After his graduation, Russell was asked to join the California High School All-Stars—he was invited to join only because the team was desperate for graduates and he had finished high school in January. The team played exhibition games throughout the Pacific Northwest and British Columbia. While on the tour, Russell became obsessed with basketball, discussing it whenever he could. When he wasn't talking the game, he was analyzing in his head other players' plays as well as his own which he'd made or failed to make. Envisioning each play on the inside of his eyeballs, he imagined what he should have done, or something new he wanted to try out. "If I had a play in my mind but muffed it on the court, I'd go over it repeatedly in my head, searching for details I'd missed," he wrote in Second Wind. "It was like working a phony jigsaw puzzle, one piece in the completed picture was slightly imperfect, and I had to find out which one it was." Without grasping what he was on to, Russell had discovered on his own the visualization techniques that would become standard practice in professional sports in and after the 1980s.
Using his newfound technique, Russell's game improved by leaps and bounds. He was well on his way to becoming a dominant player when he entered USF in the fall of 1952. Russell joined the varsity team, the Dons, as a sophomore. He and his roommate, K.C. Jones—who would play with Russell on the great Celtics teams of the 1950s and 1960s—discussed basketball incessantly. In Russell's junior year, the Dons caught fire, running off a string of 55 straight victories that extended well into his senior year, and included two NCAA championships.

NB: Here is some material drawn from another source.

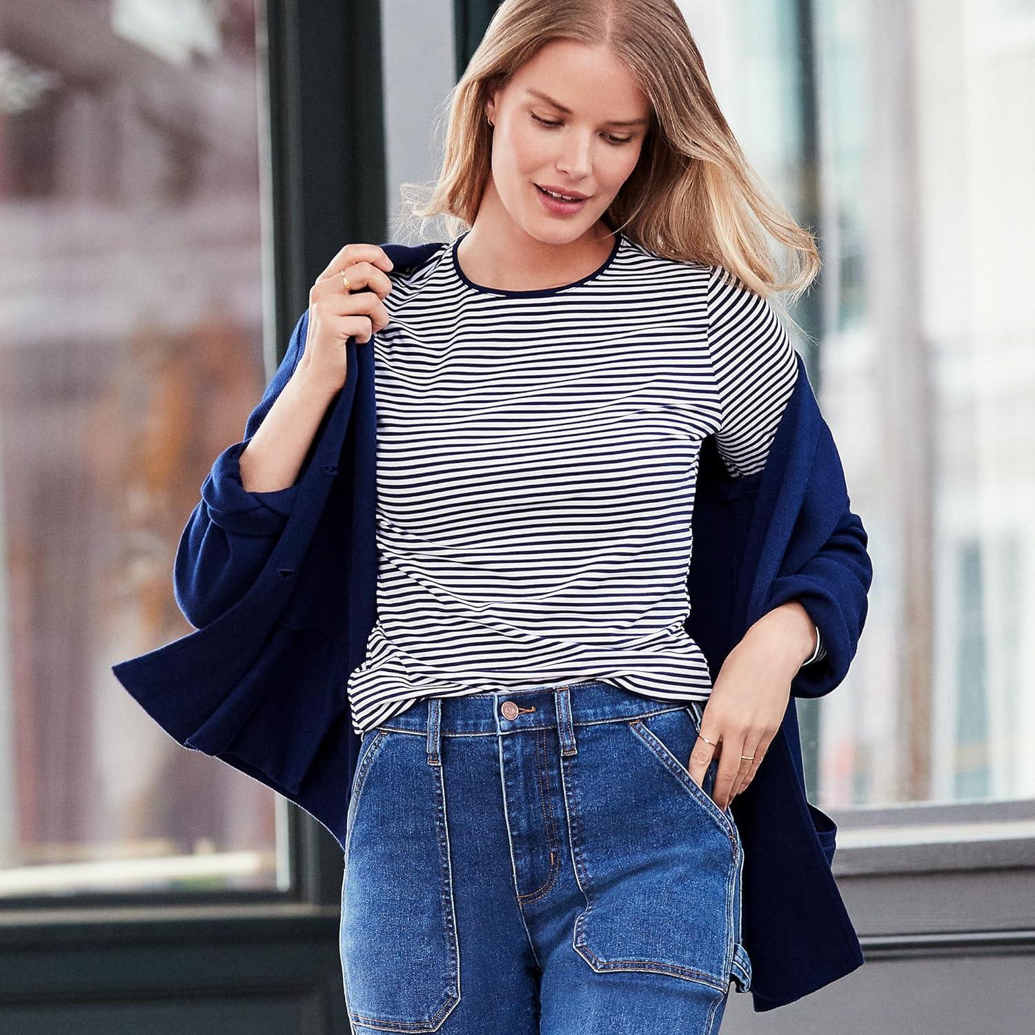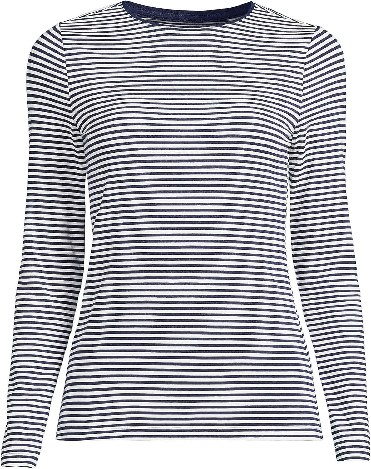 Lands’ End Women’s Plus Size Lightweight Jersey Skimming Long Sleeve Crew Neck T-Shirt(Navy/White Micro Stripe)

Although Russell was a big player—he was nearly seven feet in height—he was not a high scorer. Instead he was developing into a defensive genius. Russell could out-think most of his opponents and he was a spectacular jumper who specialized in blocking opponent's shots and deflecting those of his teammates' into the basket. So dominant did Russell become under the basket that the NCAA doubled the width of the lane to 12 feet, and made it a violation to touch a ball once it had begun its descent toward the basket. Russell was named the Most Valuable Player of the NCAA tournament in 1955, and was named an All-American in both 1955 and 1956. He was also a world-class high-jumper in college who came within a hair of breaking the world record.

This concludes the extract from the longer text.